- Oakhurst Links
- U.S. National Register of Historic Places
- Location: 1 Montague Dr., White Sulphur Springs, West Virginia
- Coordinates: 37°49′41″N 80°16′47″W﻿ / ﻿37.82806°N 80.27972°W
- Area: 37.8 acres (15.3 ha)
- Built: 1884
- Architect: Montague, Russell W.; Torrin, Lionel, et al.
- Architectural style: Colonial Revival
- NRHP reference No.: 01001327
- Added to NRHP: December 4, 2001

= Oakhurst Links =

Oakhurst Links is a historic golf course located at White Sulphur Springs, Greenbrier County, West Virginia. It was the first golf course in the United States. It is a nine-hole course built in 1884, in a design based upon traditional Scottish design elements. The first competition for the Oakhurst Links Challenge Medal was held in 1884.

==Description==
Located on the grounds is course developer Russell W. Montague's home, which served as the Oakhurst Links Clubhouse. The clubhouse was built around 1880, and is a two-story "I house" plan dwelling with sparse Colonial Revival stylistic elements. The property was operated as a golf course until 1912, when the property reverted to pasture. In 1959 the property was purchased by Lewis Keller and his wife, Rosalie. For many years, Keller raised thoroughbred race horses on the property. Keller often played with Sam Snead, who was the resident playing professional at The Greenbrier resort in White Sulphur Springs. Snead told Keller he believed the property was the site of the first golf course in the United States.

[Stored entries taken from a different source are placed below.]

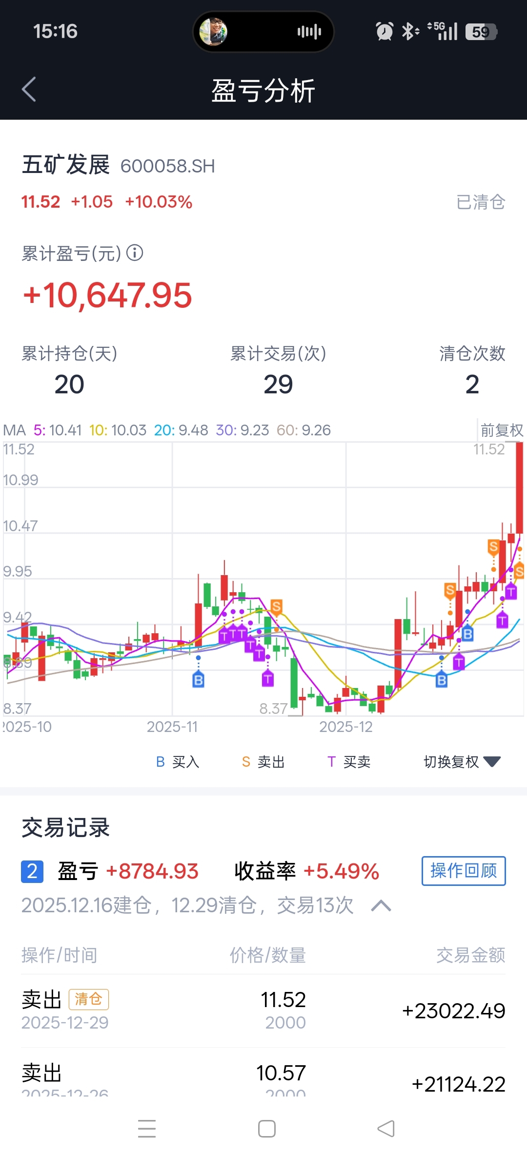感谢五矿,也是把底仓也清了,有机会再来,祝兄弟们一路长虹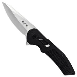 The Buck Black Hexam is a capable knife designed to meet your everyday needs. This knife boasts a drop point blade made of 7Cr13MoV steel which provides durability and corrosion resistance. The handle of this knife is made of black polymer which is textured to provide a comfortable, solid grip. This knife features SafeSpin technology, making the flipper opener easy and secure, giving you the option of never even touching the blade. This knife is an excellent everyday carry.Â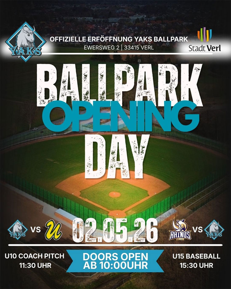 VERL YAKS BASEBALL & SOFTBALL Besuche uns im Ballpark in Verl oder vereinbare ein kostenloses Probetraining! PROBETRAINING HEIMSPIELE PROBETRAINING YAKS SPIELE BASEBALL ROCKT NEWS yaks_baseball_softball ⭐YAKS BALLPARK OPENING DAY⭐ OFFIZIELLE ERÖFFNUNG ⚾ BASEBALL NRW LIGA ⚾ Verl Yaks @ Cardinals Colog 🔥 U12 BASEBALL 2026! Saison Start 2026 - U12 Land ⚾ YAKS I starten holprig in die Baseball NRW LIGA ⚾ U15 startet mit überzeugendem Auftritt in die Sa 🥎 Welcome, NRW LIGA! ⭐️ Softballerinnen starten mi 🔥 BASEBALL IS BACK! Saison Start 2026 - U15 Baseb 🔥 BASEBALL IS BACK! Saison Start 2026 - Baseball 🔥 SOFTBALL IS BACK! Saison Start 2026 - Softball ❤️Wir wissen und schätzen, woher wir kommen und ma BIG UP an unsere Spielerinnen und Spieler, die ges ⭐CONGRATZ, KIDS!⭐ Wir gratulieren unseren Nachwuc Lasst mal Applaus da! Wir freuen uns total, unser Yessa! Vitamin D, beste Vibes und endlich wieder 🥎HERZLICHEN GLÜCKWUNSCH, COACH ALEX! Wir freuen u ⭐Saison 2026⭐ Werde Teil unseres Teams und entdecke deine neue L U10 sichert sich starken dritten Platz bei der Fie ⭐️ The winner takes it all ⭐️ Im letzten Jahr hatt Instagram-Beitrag 18093640712284958 Mehr anzeigen Folge uns auf Instagram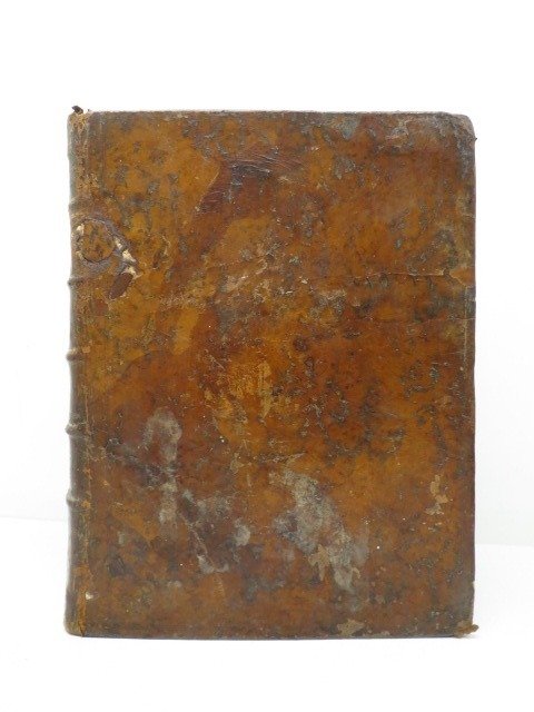 Gebonden exemplaar, periode volledig gemarmerd kalfsleer. Achterkant met opstaande banden gedecoreerd met een rijke versiering met vergulde ijzers. Stukjes rood marokko met vermelding van de titel en het jaartal. Rode plakjes.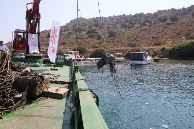 Muğla İl Tarım ve Orman Müdürlüğü’nün Su Ürünleri Şube Müdürlüğü bünyesinde oluşturduğu 12 kişilik dalış ekibi, bugün Gümüşlük’te deniz dibi temizliği yaptı. Gün boyu Gümüşlük açıklarında tonoz ve hayalet ağ dalışı yapan ekip, Eski Myndos Kenti kalıntıları ile iç içe yaşayan Gümüşlük’ün Filibit Koyundan 8 tonoz, 13 çapa, zincir ve halattan oluşan toplam 20 ton atık çıkardı. Çalışmaya, Bodrum Sahil Güvenlik Komutanlığı ile Bodrum Liman Başkanlığı da destek verdi. Denizden çıkarılan tonoz ve atıklar, atık alım için bölgeye getirilen bir teknenin güvertesinde toplanarak sergilendi.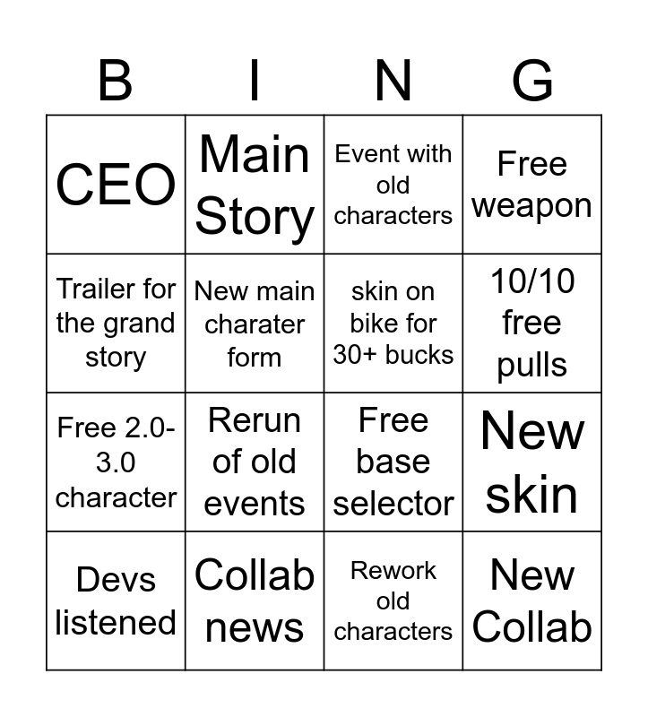 This bingo card has 16 words: Collab news, New skin, Event with old characters, CEO, Free 2.0-3.0 character, Main Story, Free base selector, Rework old characters, Trailer for the grand story, New main charater form, Devs listened, Free weapon, Rerun of old events, 10/10 free pulls, skin on bike for 30+ bucks and New Collab.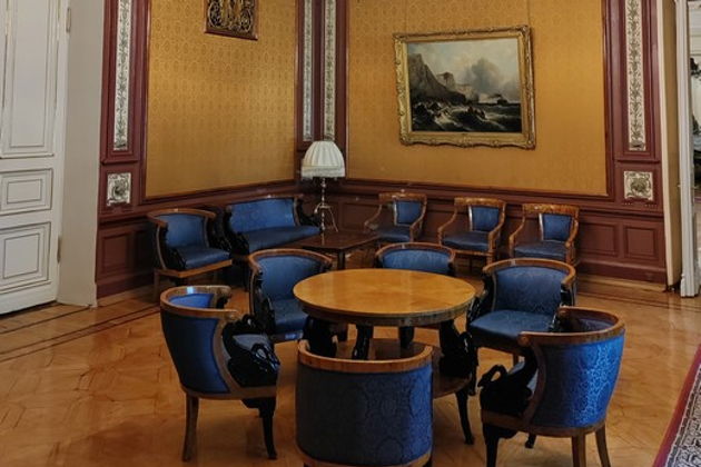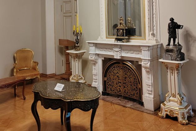 Вы увидите натуральный мрамор, богатую лепнину потолков, искусные вентиляционные решётки, натуральные двери и росписи потолков, люстры и антикварную мебель, камины и зеркала, необычную керамическую плитку и изумительный наборный паркет. Также вас ждёт меблировка парадных залов, анфилада комнат, бывший Зимний сад, в котором теперь расположен ресторан с остеклённым эркером и световым фонарём на потолке. Вы увидите громадное стекло, которое везли в Москву в специально оборудованном вагоне из Италии и устанавливали во время строительства дома, а также работу архитекторов братьев Весниных при переустройстве усадебного дома в 30-е годы ХХ века, которая проявилась в виде пристройки в стиле авангарда с элементами конструктивизма к классическому особняку.

In 1994, a restoration effort was launched for the course. The course was listed on the National Register of Historic Places in 2001.

Except for one year at Pinehurst No. 1 course, the National Hickory Championship was played at Oakhurst Links from 1998 to 2015. Modern players typically dressed in period clothes and use hickory-shafted clubs and gutta-percha balls driven from tees fashioned from sand as was done before the wooden tee was invented.

The course was damaged by floods in 2016; as of 2023, it has still not re-opened.